The problem: The copy has to match the records word for word and include no pictures.

(Source records)
- Opening Delimiter -
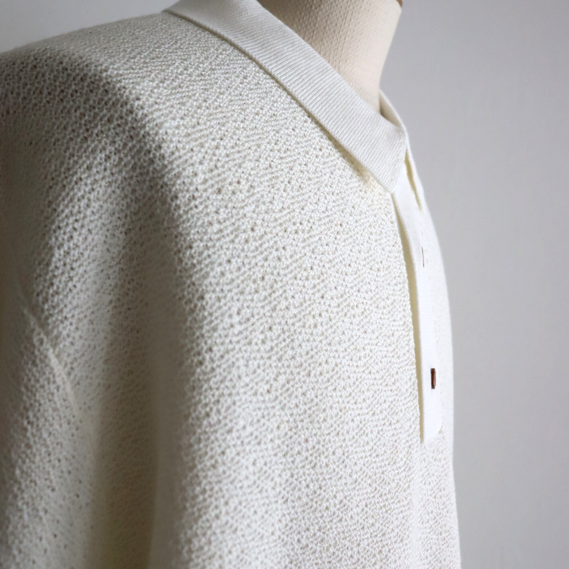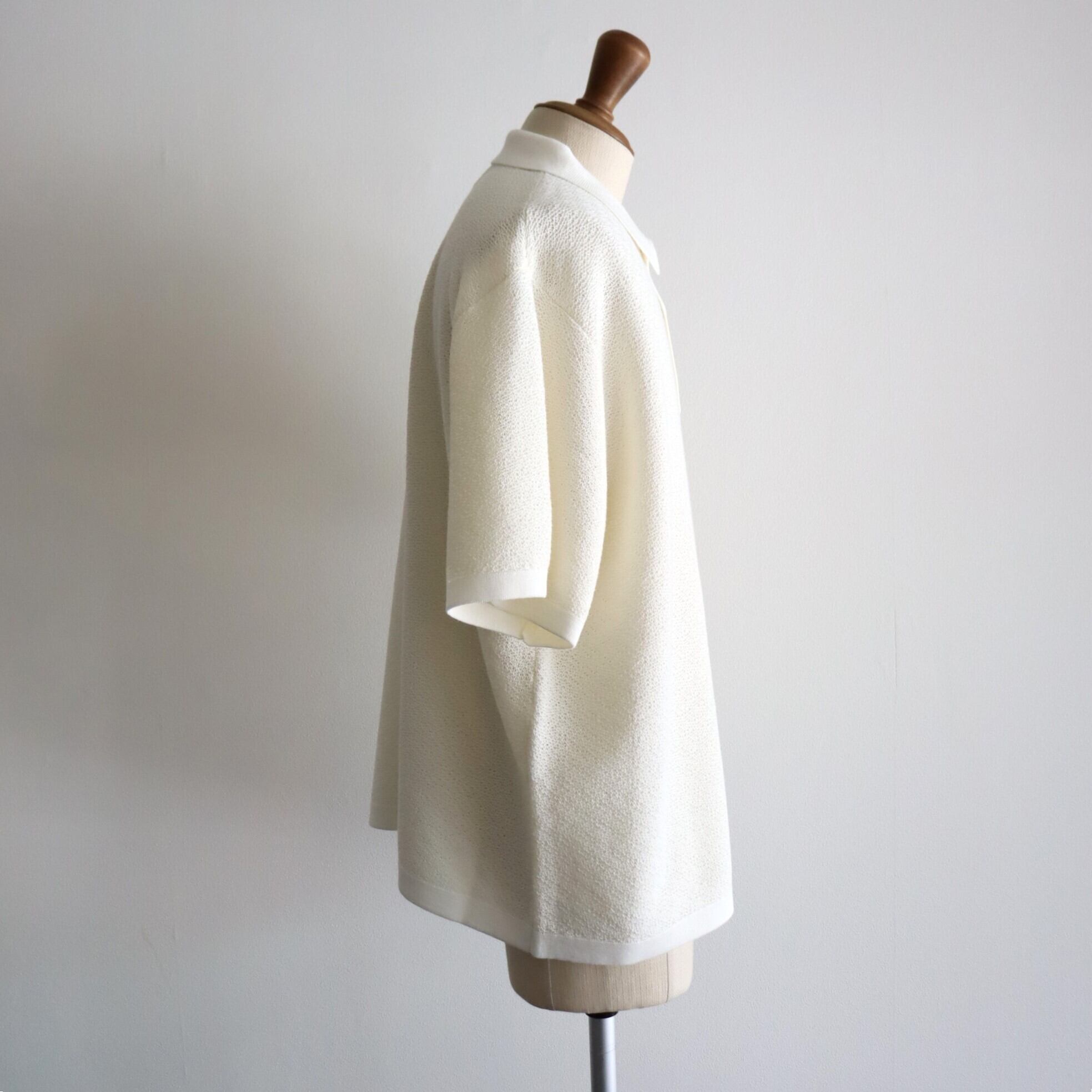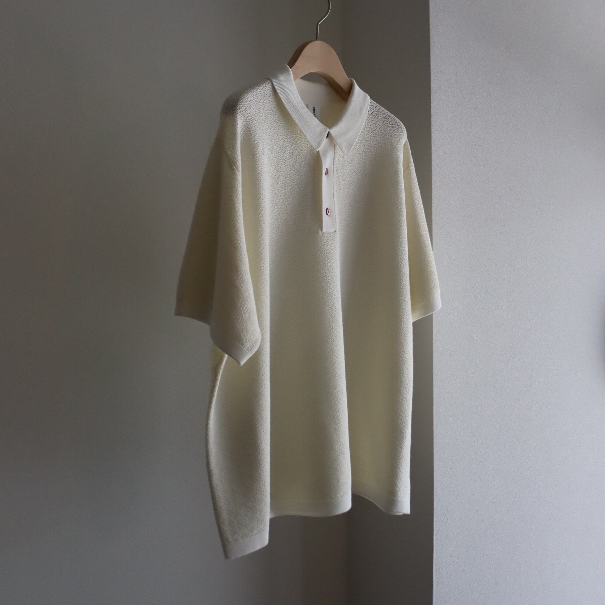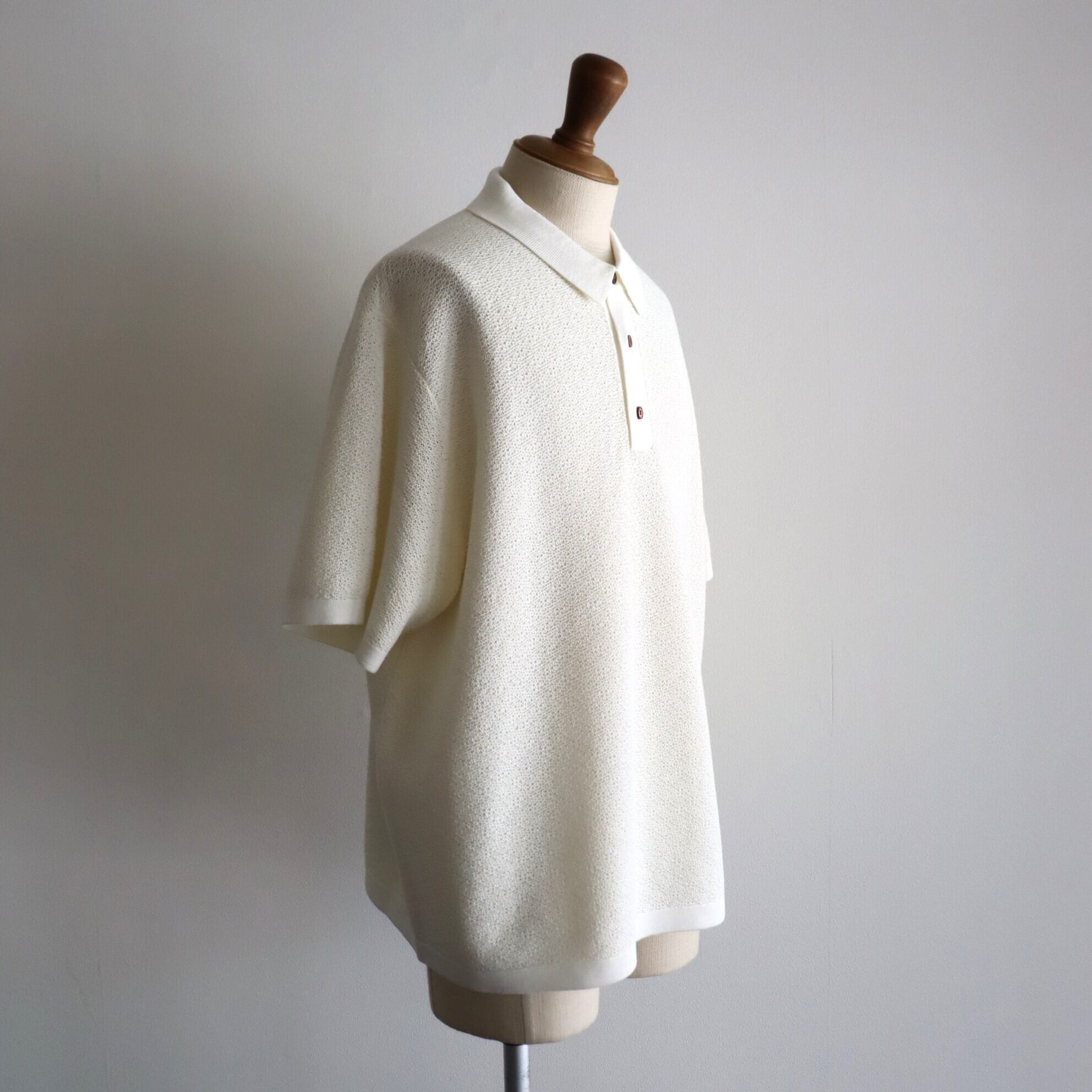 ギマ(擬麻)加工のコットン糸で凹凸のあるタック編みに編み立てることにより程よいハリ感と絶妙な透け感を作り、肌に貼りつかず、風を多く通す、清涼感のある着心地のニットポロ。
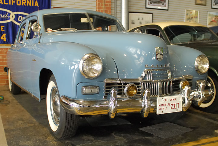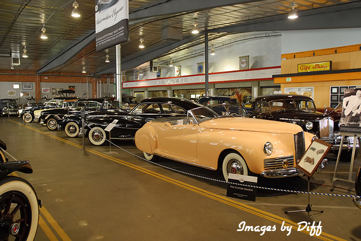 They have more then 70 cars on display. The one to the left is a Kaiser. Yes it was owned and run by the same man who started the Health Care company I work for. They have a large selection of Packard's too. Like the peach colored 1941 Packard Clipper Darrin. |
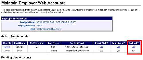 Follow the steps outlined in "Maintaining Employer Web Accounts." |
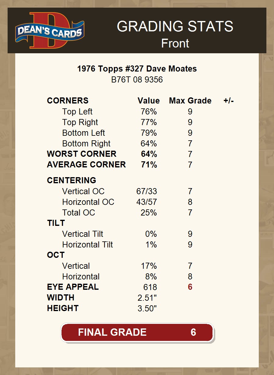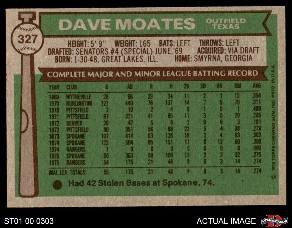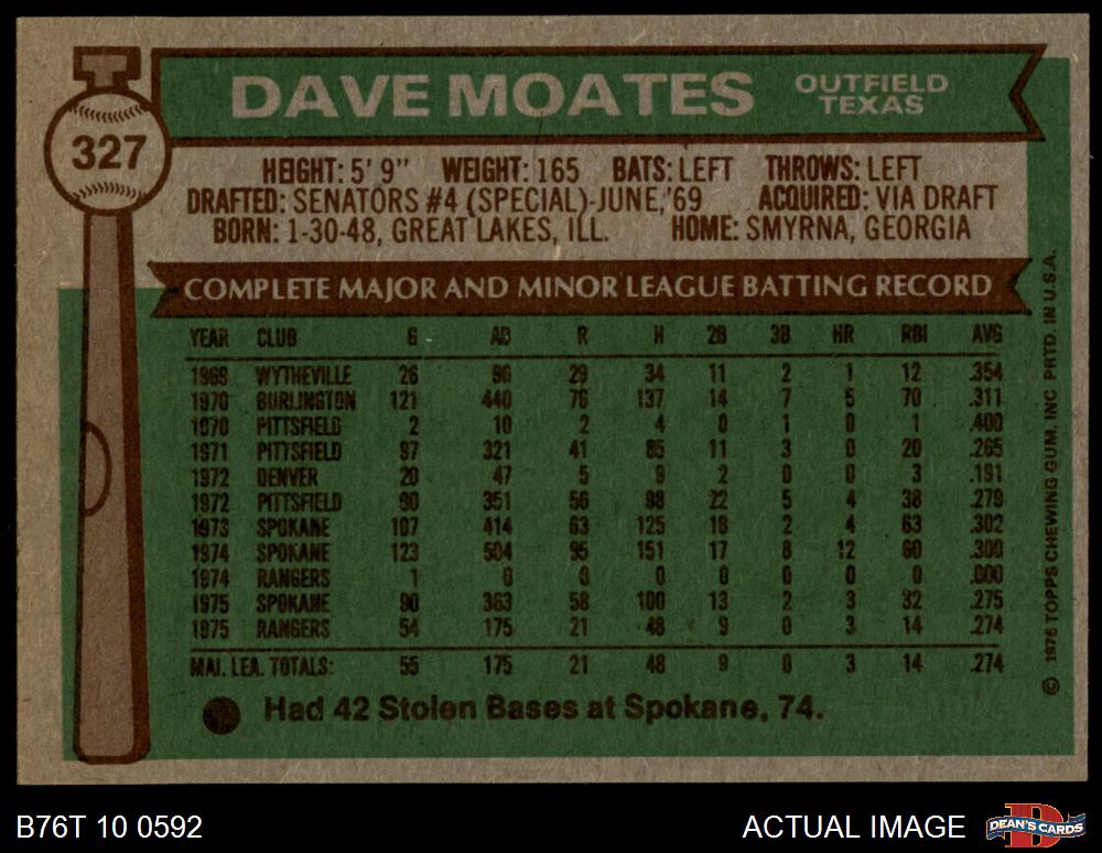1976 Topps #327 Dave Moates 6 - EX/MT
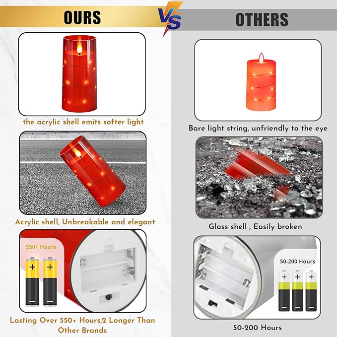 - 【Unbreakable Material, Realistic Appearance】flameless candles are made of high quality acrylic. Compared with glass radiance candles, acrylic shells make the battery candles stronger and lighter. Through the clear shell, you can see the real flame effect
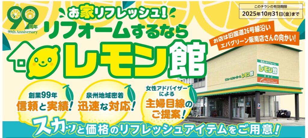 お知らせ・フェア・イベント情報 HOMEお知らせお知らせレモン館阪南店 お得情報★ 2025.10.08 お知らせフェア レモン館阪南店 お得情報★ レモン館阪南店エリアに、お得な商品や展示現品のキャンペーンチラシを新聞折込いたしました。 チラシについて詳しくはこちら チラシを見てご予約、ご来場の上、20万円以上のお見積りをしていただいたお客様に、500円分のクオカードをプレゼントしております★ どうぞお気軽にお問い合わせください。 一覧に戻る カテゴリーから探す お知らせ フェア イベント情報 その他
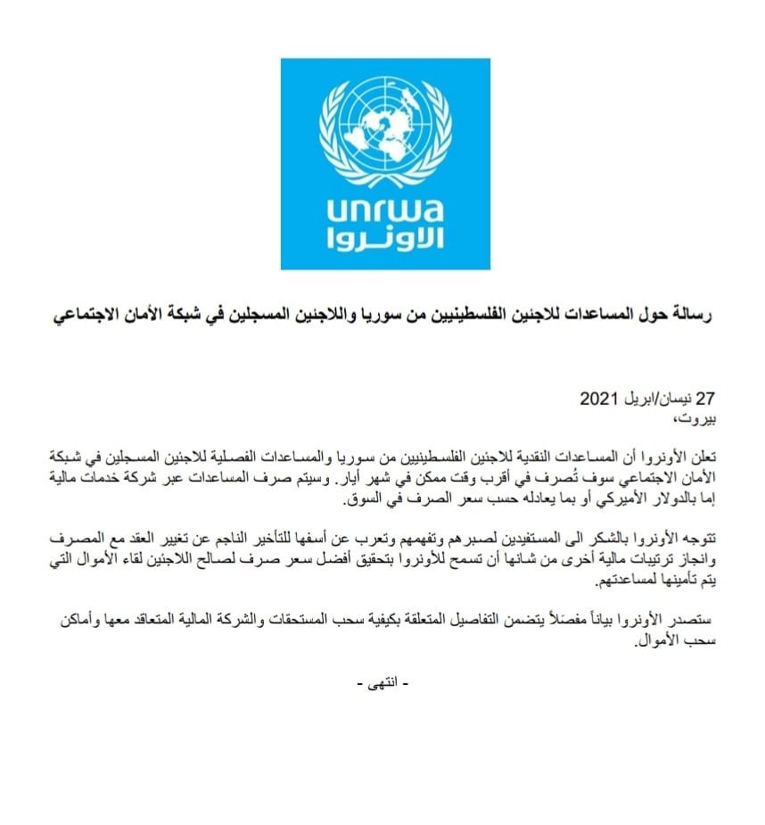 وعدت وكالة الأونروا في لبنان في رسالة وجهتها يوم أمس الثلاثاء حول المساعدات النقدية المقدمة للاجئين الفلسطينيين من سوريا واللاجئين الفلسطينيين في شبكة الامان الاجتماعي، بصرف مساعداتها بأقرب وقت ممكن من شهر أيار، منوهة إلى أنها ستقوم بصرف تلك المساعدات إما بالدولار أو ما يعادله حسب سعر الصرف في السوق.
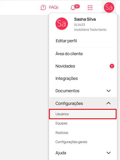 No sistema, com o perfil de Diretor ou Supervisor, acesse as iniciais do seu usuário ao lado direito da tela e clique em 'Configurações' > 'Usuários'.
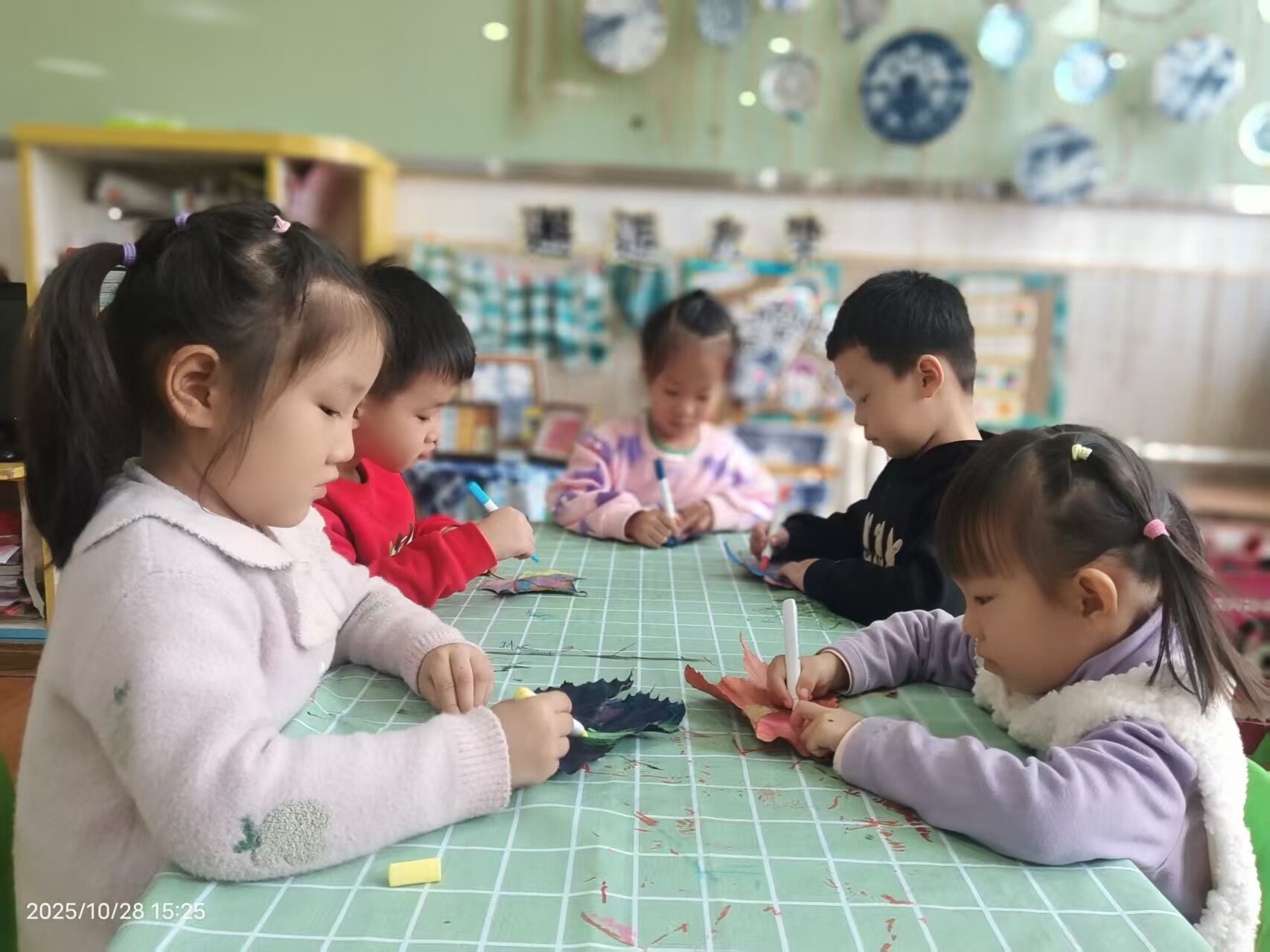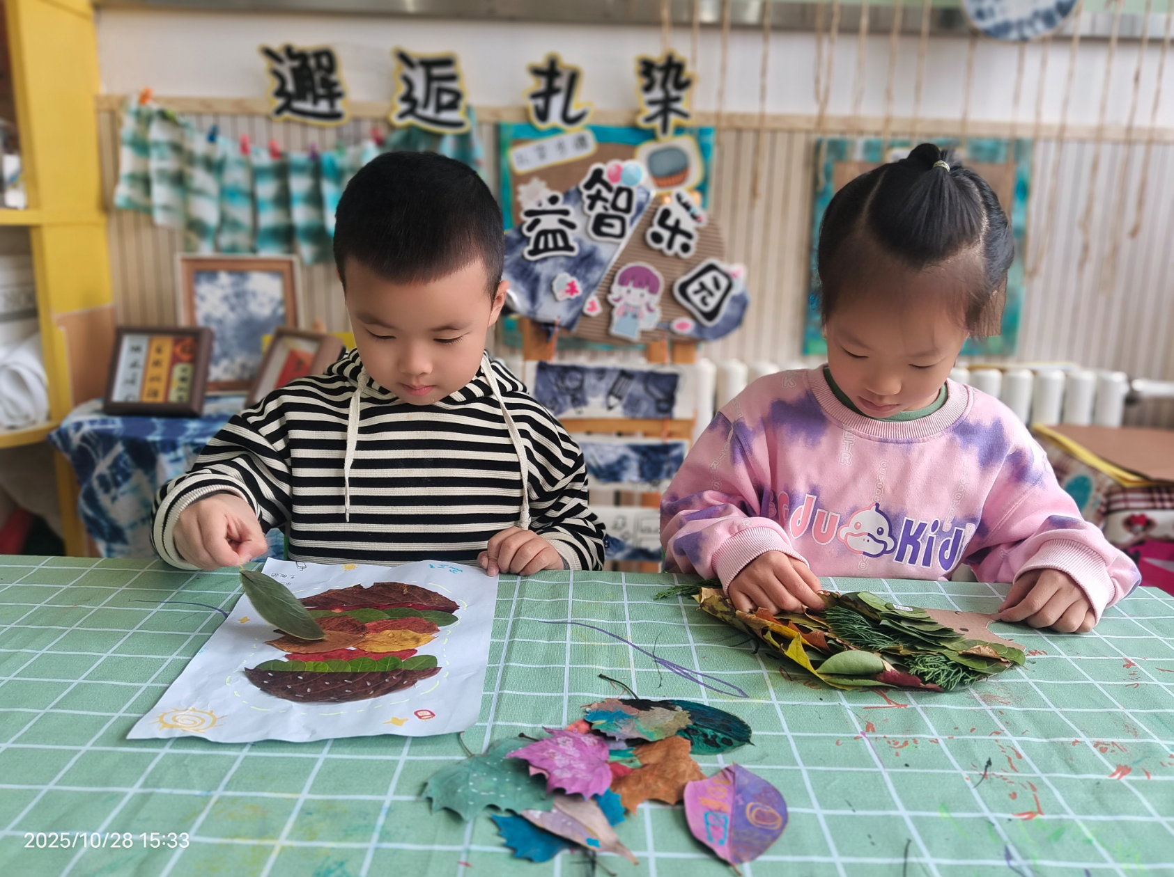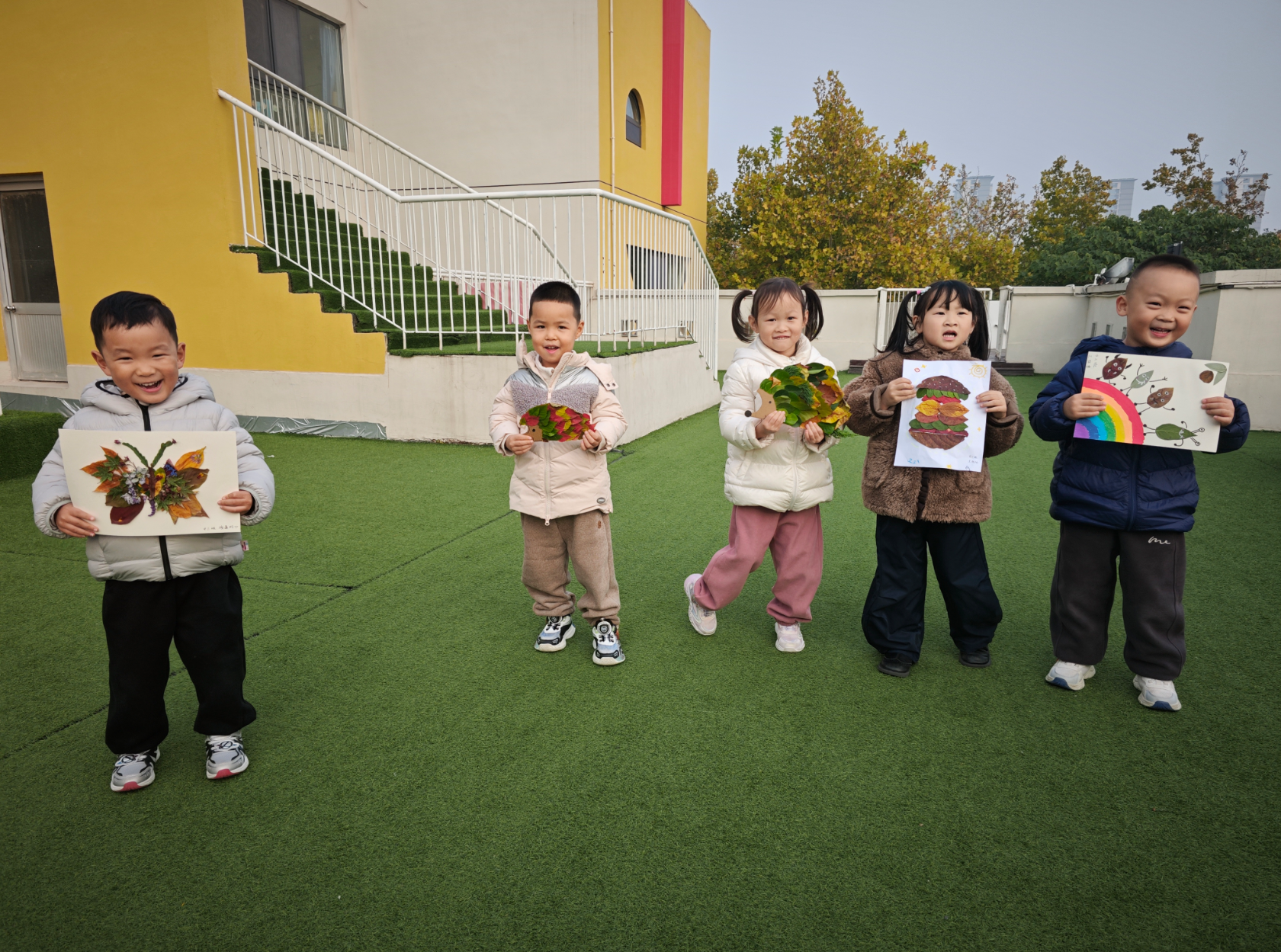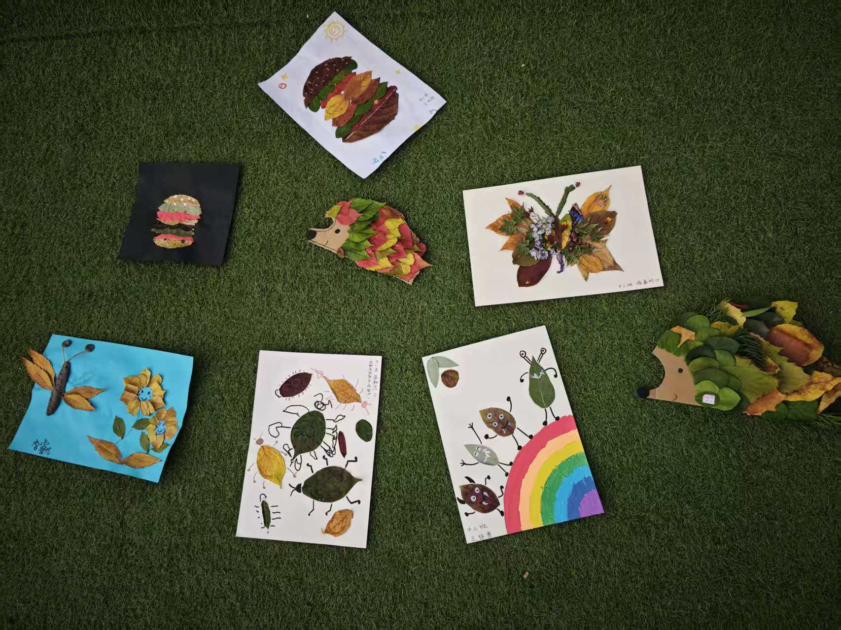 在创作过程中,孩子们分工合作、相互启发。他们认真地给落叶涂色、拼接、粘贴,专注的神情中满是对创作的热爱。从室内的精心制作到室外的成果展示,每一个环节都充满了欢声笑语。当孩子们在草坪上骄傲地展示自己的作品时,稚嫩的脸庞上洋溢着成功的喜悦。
- Closing Delimiter -
Solved exercise:
 ギマ(擬麻)加工のコットン糸で凹凸のあるタック編みに編み立てることにより程よいハリ感と絶妙な透け感を作り、肌に貼りつかず、風を多く通す、清涼感のある着心地のニットポロ。
 They have more then 70 cars on display. The one to the left is a Kaiser. Yes it was owned and run by the same man who started the Health Care company I work for. They have a large selection of Packard's too. Like the peach colored 1941 Packard Clipper Darrin. |
 Follow the steps outlined in "Maintaining Employer Web Accounts." |
1976 Topps #327 Dave Moates 6 - EX/MT
 - 【Unbreakable Material, Realistic Appearance】flameless candles are made of high quality acrylic. Compared with glass radiance candles, acrylic shells make the battery candles stronger and lighter. Through the clear shell, you can see the real flame effect
 お知らせ・フェア・イベント情報 HOMEお知らせお知らせレモン館阪南店 お得情報★ 2025.10.08 お知らせフェア レモン館阪南店 お得情報★ レモン館阪南店エリアに、お得な商品や展示現品のキャンペーンチラシを新聞折込いたしました。 チラシについて詳しくはこちら チラシを見てご予約、ご来場の上、20万円以上のお見積りをしていただいたお客様に、500円分のクオカードをプレゼントしております★ どうぞお気軽にお問い合わせください。 一覧に戻る カテゴリーから探す お知らせ フェア イベント情報 その他
 وعدت وكالة الأونروا في لبنان في رسالة وجهتها يوم أمس الثلاثاء حول المساعدات النقدية المقدمة للاجئين الفلسطينيين من سوريا واللاجئين الفلسطينيين في شبكة الامان الاجتماعي، بصرف مساعداتها بأقرب وقت ممكن من شهر أيار، منوهة إلى أنها ستقوم بصرف تلك المساعدات إما بالدولار أو ما يعادله حسب سعر الصرف في السوق.
 No sistema, com o perfil de Diretor ou Supervisor, acesse as iniciais do seu usuário ao lado direito da tela e clique em 'Configurações' > 'Usuários'.
 在创作过程中,孩子们分工合作、相互启发。他们认真地给落叶涂色、拼接、粘贴,专注的神情中满是对创作的热爱。从室内的精心制作到室外的成果展示,每一个环节都充满了欢声笑语。当孩子们在草坪上骄傲地展示自己的作品时,稚嫩的脸庞上洋溢着成功的喜悦。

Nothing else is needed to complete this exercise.